- _What is needed_:
Would you please repeat all of the data exactly, omitting the pictures?
--- Supplied data Enclosed Below ---
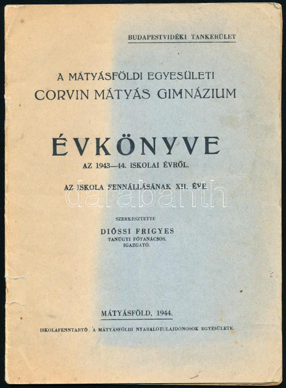 Description: 1935-1944 2 db iskolai értesítő/évkönyv: A Budapesti Evangélikus Gimnázium értesítője az 1934/35. iskolai évről. Sérült fűzéssel, a borítótól elváló lapokkal. + A mátyásföldi egyesületi Corvin Mátyás Gimnázium évkönyve az 1943-44. iskolai évről. Fakó borítóval.
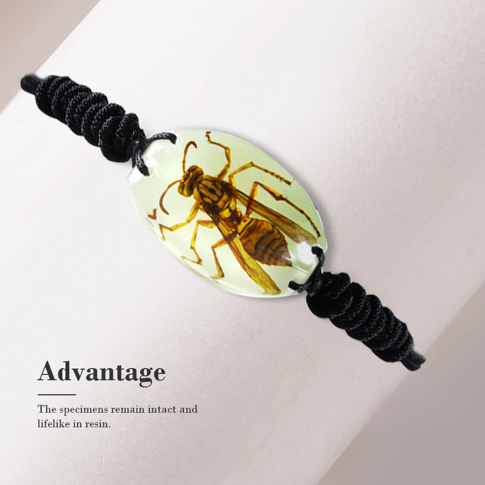 Fait à la main véritable insecte bijoux lumineux ambre fossile Bracelet avec pendentif frelon Bug résine Bracelet pour hommes
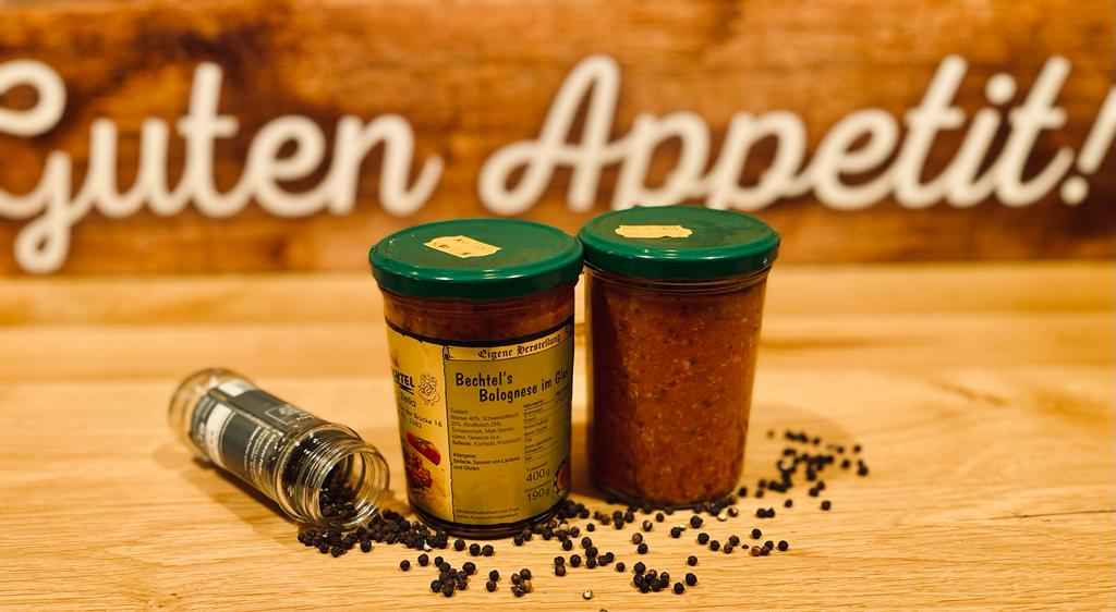 Bestellen Sie noch heute Ihre Bolognese im Glas (400g) im Onlineshop der Metzgerei Bechtel – für ein schnelles, köstliches Essen, das schmeckt wie frisch gekocht!
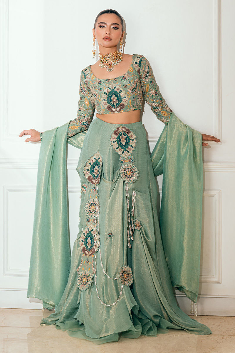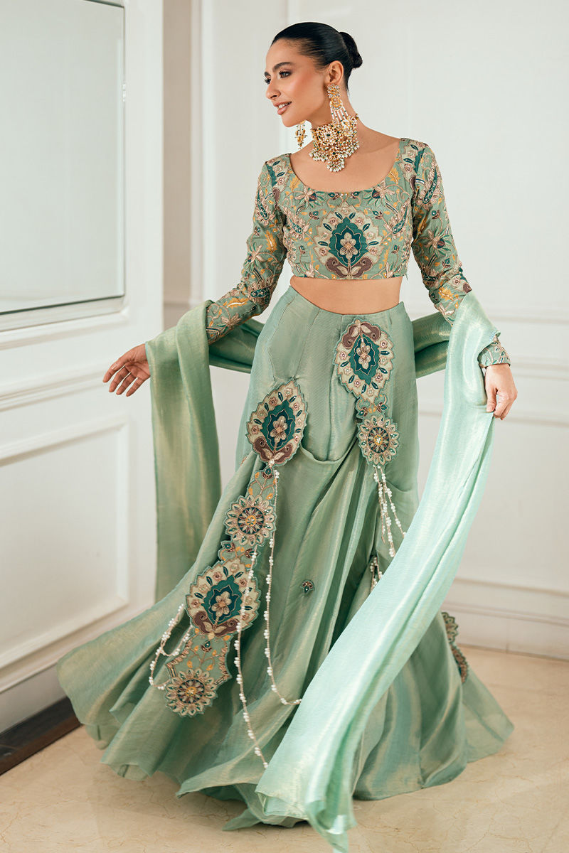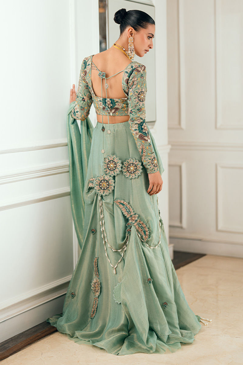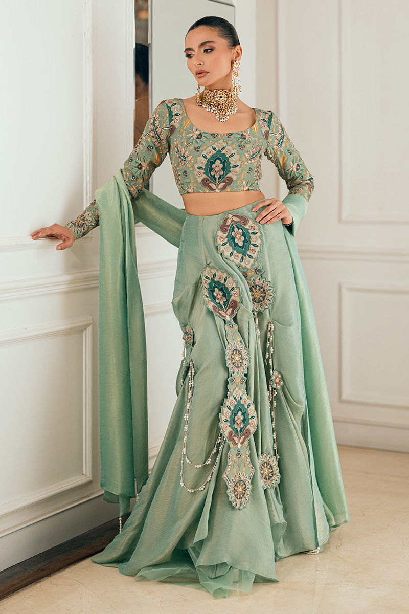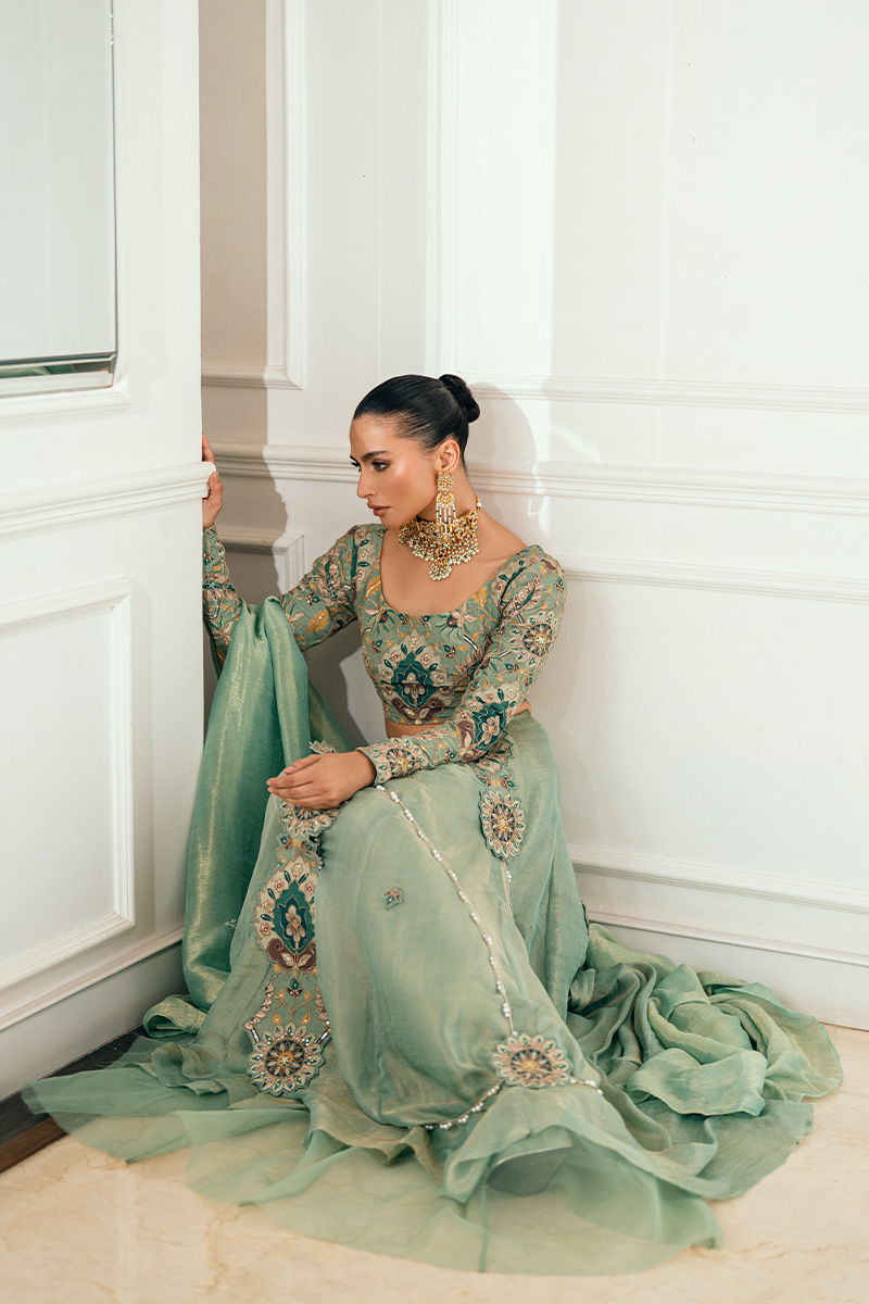 Amelia is a refreshing mint green georgette chiffon choli adorned with intricate handwork featuring zardozi and thread embroidery. It is paired with a masoori fabric lehnga detailed with 3D handwork zardozi brooches and handmade pearl and thread strings for a luxurious finish. The ensemble is completed with a masoori fabric dupatta, enhancing the graceful silhouette.
--- End of Enclosed Supplied data ---
- _Exercise solution_:
 Description: 1935-1944 2 db iskolai értesítő/évkönyv: A Budapesti Evangélikus Gimnázium értesítője az 1934/35. iskolai évről. Sérült fűzéssel, a borítótól elváló lapokkal. + A mátyásföldi egyesületi Corvin Mátyás Gimnázium évkönyve az 1943-44. iskolai évről. Fakó borítóval.
 Fait à la main véritable insecte bijoux lumineux ambre fossile Bracelet avec pendentif frelon Bug résine Bracelet pour hommes
 Bestellen Sie noch heute Ihre Bolognese im Glas (400g) im Onlineshop der Metzgerei Bechtel – für ein schnelles, köstliches Essen, das schmeckt wie frisch gekocht!
 Amelia is a refreshing mint green georgette chiffon choli adorned with intricate handwork featuring zardozi and thread embroidery. It is paired with a masoori fabric lehnga detailed with 3D handwork zardozi brooches and handmade pearl and thread strings for a luxurious finish. The ensemble is completed with a masoori fabric dupatta, enhancing the graceful silhouette.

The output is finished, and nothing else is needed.